REQUIREMENT:
In this exercise, the entries below include pictures. Repeat exactly the lines from the line with "先是棕色的根瘤包裹住土地庙的下半部分,几乎让人看不出原本的材质" to the line with "We have 29 tried", including both, but without the pictures.

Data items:
┄┄┄┄┄┄
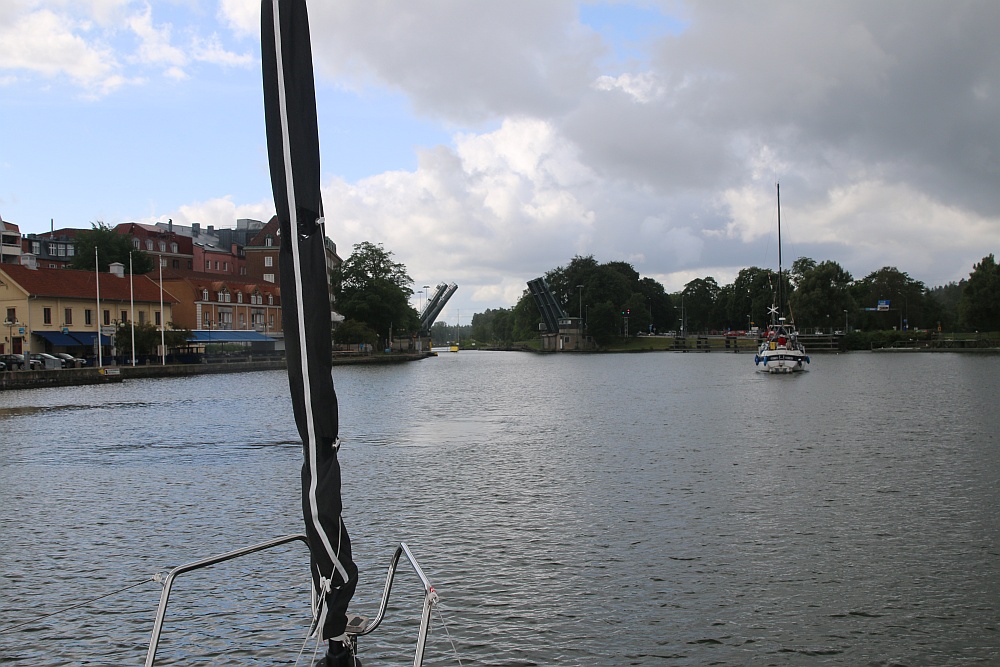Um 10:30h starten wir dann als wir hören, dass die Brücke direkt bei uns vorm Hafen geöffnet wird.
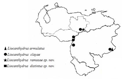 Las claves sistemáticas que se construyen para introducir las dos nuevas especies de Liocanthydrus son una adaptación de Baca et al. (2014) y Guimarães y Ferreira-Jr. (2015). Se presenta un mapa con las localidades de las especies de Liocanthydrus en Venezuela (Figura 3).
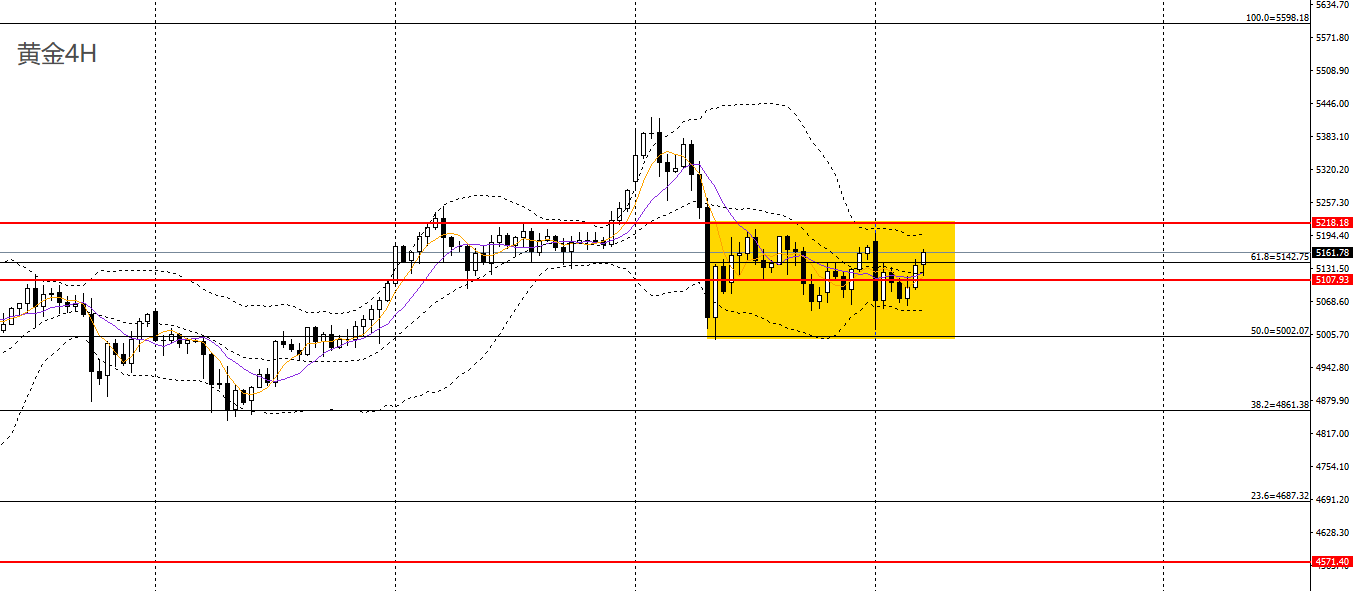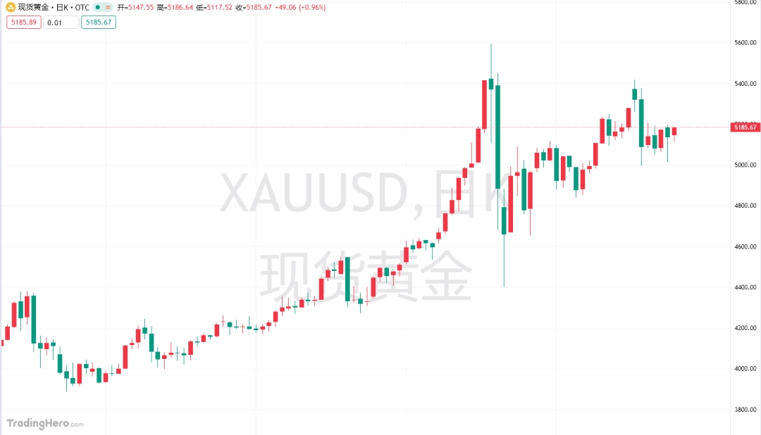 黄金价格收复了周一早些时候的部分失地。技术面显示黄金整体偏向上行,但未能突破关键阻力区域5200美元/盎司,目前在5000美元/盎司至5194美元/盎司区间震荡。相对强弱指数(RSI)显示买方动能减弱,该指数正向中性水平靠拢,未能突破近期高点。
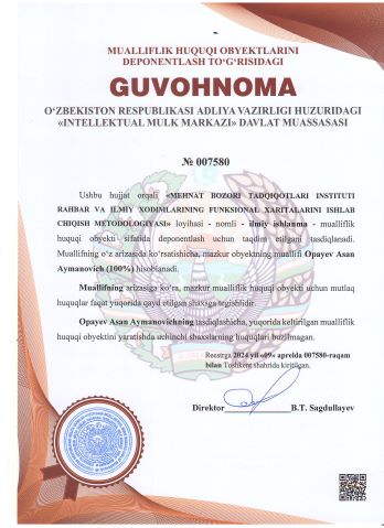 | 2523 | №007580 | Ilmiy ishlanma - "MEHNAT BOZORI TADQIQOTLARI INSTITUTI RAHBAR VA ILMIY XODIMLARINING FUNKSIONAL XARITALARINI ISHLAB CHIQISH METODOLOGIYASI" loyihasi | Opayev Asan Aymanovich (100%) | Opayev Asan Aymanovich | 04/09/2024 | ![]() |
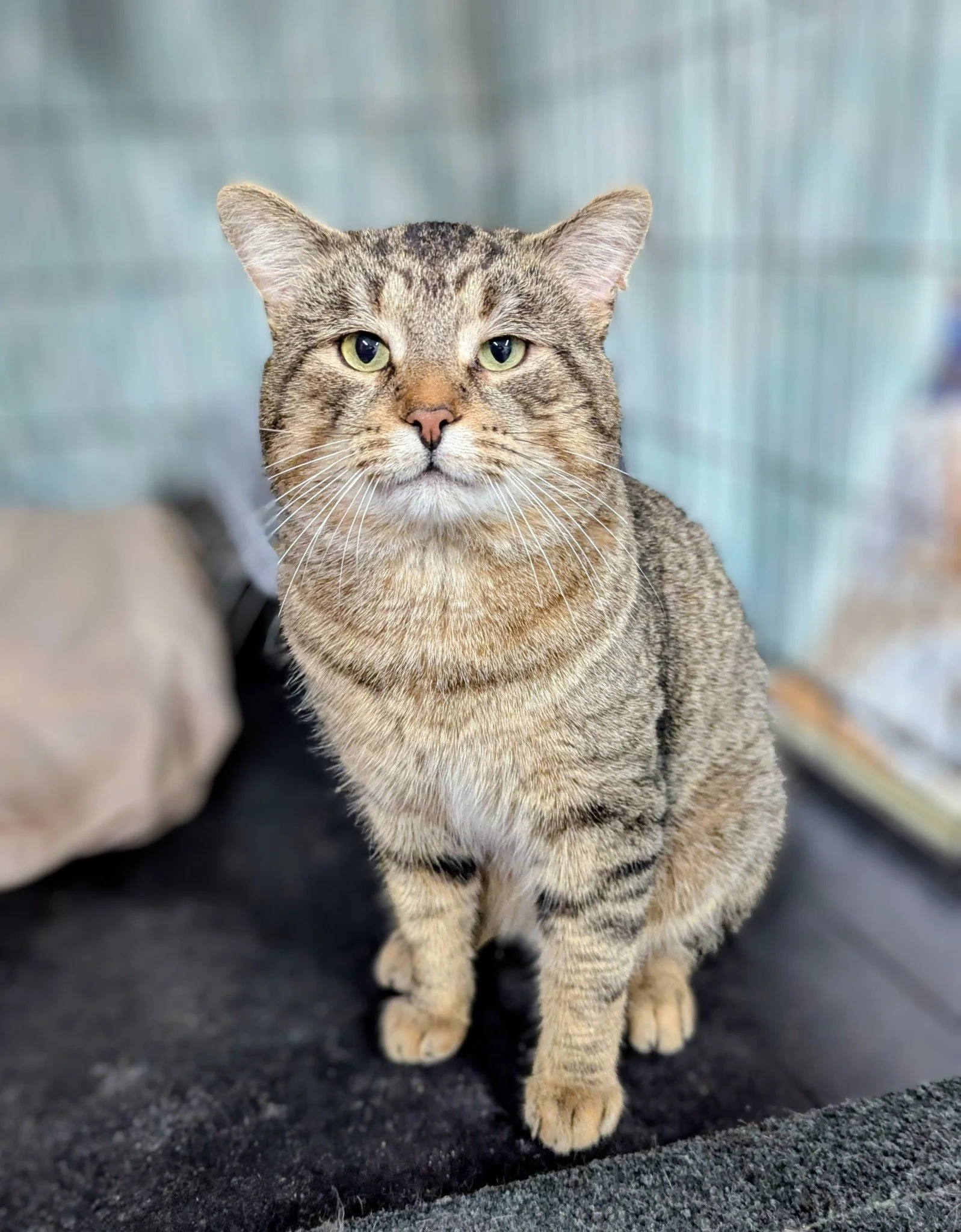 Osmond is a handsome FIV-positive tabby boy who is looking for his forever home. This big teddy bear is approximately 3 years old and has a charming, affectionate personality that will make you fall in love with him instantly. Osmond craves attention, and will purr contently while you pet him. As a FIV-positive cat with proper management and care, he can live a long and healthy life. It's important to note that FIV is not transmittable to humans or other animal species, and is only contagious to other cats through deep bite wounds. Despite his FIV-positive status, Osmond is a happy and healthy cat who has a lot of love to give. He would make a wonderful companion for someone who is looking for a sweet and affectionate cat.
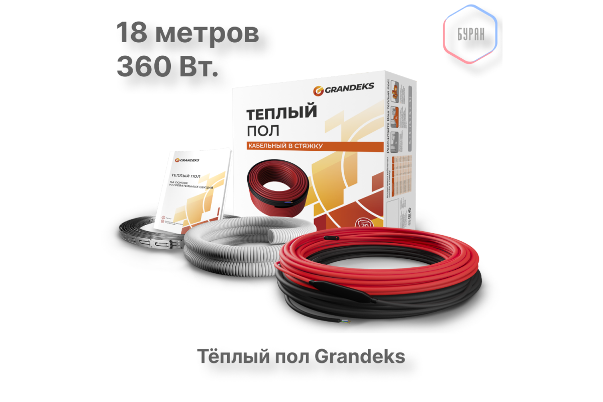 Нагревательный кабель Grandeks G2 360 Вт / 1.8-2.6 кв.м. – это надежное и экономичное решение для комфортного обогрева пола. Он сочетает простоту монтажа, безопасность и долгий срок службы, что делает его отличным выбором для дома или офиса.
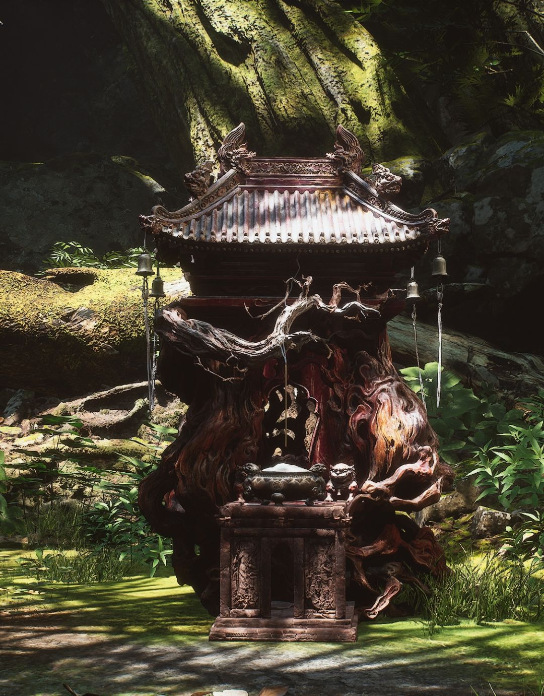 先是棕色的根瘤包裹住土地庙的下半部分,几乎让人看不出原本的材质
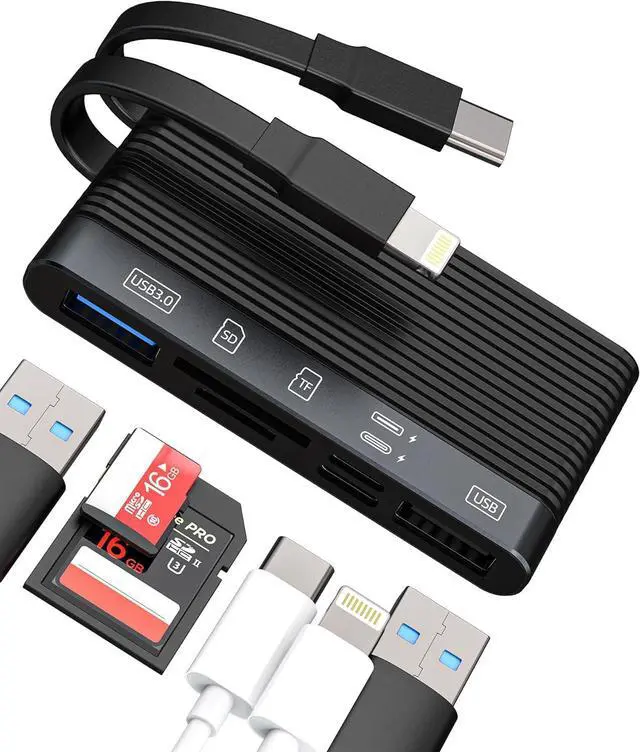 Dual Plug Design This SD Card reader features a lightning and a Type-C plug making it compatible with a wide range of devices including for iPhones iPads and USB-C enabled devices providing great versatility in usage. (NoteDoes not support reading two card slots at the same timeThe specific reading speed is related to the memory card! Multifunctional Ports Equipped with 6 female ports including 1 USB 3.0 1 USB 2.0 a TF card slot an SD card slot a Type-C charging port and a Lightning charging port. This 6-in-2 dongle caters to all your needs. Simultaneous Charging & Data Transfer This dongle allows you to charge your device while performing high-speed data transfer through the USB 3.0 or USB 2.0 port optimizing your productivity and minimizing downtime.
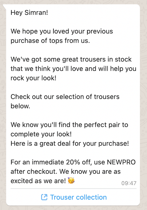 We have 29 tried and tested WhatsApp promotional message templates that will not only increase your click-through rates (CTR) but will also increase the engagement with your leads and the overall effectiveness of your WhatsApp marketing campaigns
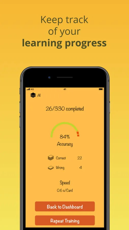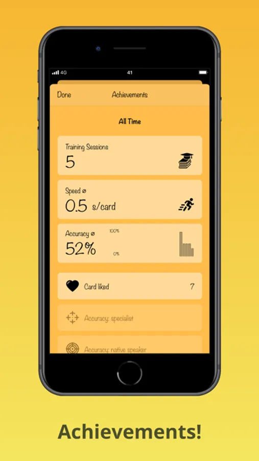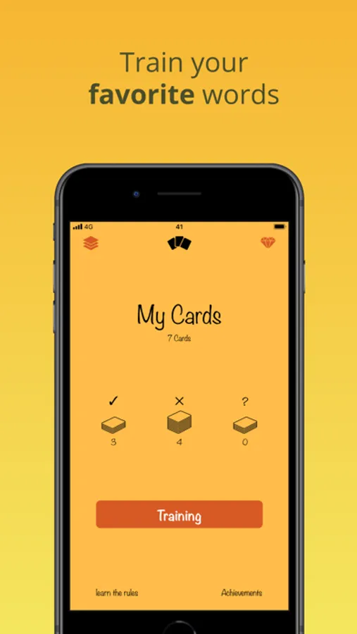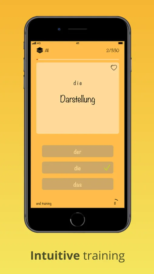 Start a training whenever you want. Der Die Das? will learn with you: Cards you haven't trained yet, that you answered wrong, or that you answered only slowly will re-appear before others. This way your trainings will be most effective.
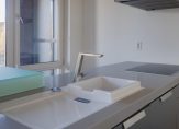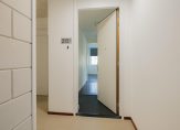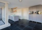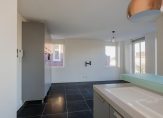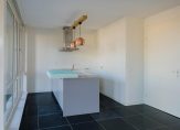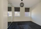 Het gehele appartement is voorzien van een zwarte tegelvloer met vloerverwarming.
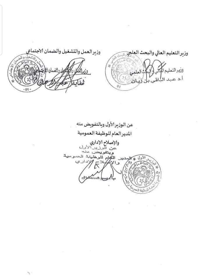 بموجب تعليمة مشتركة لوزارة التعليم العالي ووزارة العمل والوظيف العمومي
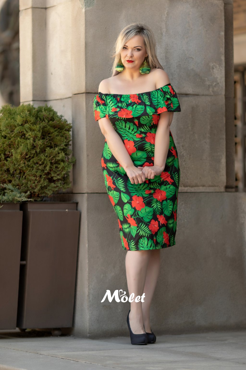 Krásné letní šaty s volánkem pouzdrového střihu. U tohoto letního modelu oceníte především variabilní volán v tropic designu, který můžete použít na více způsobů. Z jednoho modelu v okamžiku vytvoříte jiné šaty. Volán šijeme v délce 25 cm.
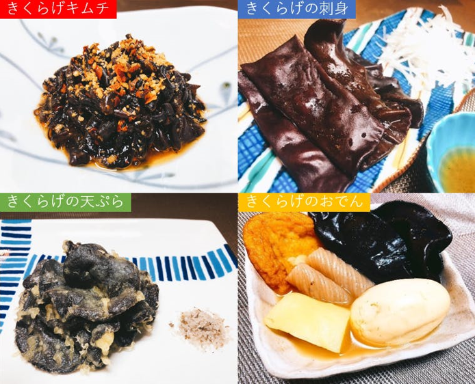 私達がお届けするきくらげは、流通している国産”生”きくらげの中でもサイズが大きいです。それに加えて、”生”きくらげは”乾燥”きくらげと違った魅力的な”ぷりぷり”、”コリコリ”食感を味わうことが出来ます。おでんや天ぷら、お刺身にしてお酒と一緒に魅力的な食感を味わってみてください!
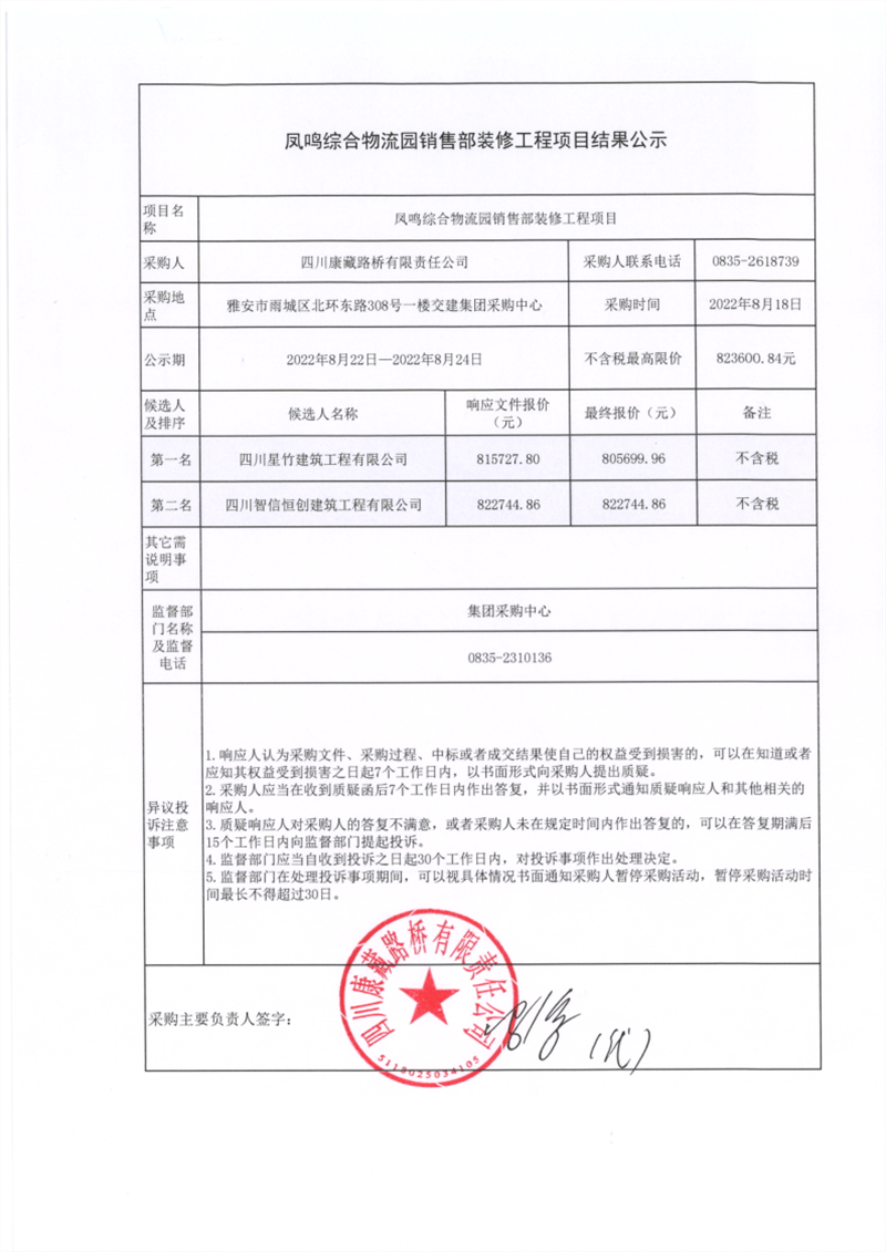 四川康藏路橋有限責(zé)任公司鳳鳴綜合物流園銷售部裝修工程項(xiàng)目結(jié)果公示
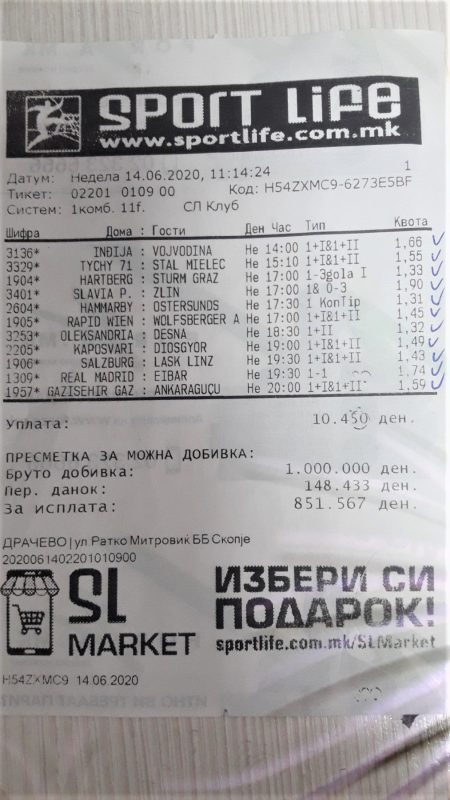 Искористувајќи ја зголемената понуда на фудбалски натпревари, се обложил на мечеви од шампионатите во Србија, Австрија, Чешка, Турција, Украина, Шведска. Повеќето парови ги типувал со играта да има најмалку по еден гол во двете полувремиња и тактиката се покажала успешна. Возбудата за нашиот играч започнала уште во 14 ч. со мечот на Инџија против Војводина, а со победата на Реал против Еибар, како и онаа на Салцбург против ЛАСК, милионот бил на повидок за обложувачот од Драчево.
┄┄┄┄┄┄
ANSWER TO THE EXERCISE:
 先是棕色的根瘤包裹住土地庙的下半部分,几乎让人看不出原本的材质
 Dual Plug Design This SD Card reader features a lightning and a Type-C plug making it compatible with a wide range of devices including for iPhones iPads and USB-C enabled devices providing great versatility in usage. (NoteDoes not support reading two card slots at the same timeThe specific reading speed is related to the memory card! Multifunctional Ports Equipped with 6 female ports including 1 USB 3.0 1 USB 2.0 a TF card slot an SD card slot a Type-C charging port and a Lightning charging port. This 6-in-2 dongle caters to all your needs. Simultaneous Charging & Data Transfer This dongle allows you to charge your device while performing high-speed data transfer through the USB 3.0 or USB 2.0 port optimizing your productivity and minimizing downtime.
 We have 29 tried and tested WhatsApp promotional message templates that will not only increase your click-through rates (CTR) but will also increase the engagement with your leads and the overall effectiveness of your WhatsApp marketing campaigns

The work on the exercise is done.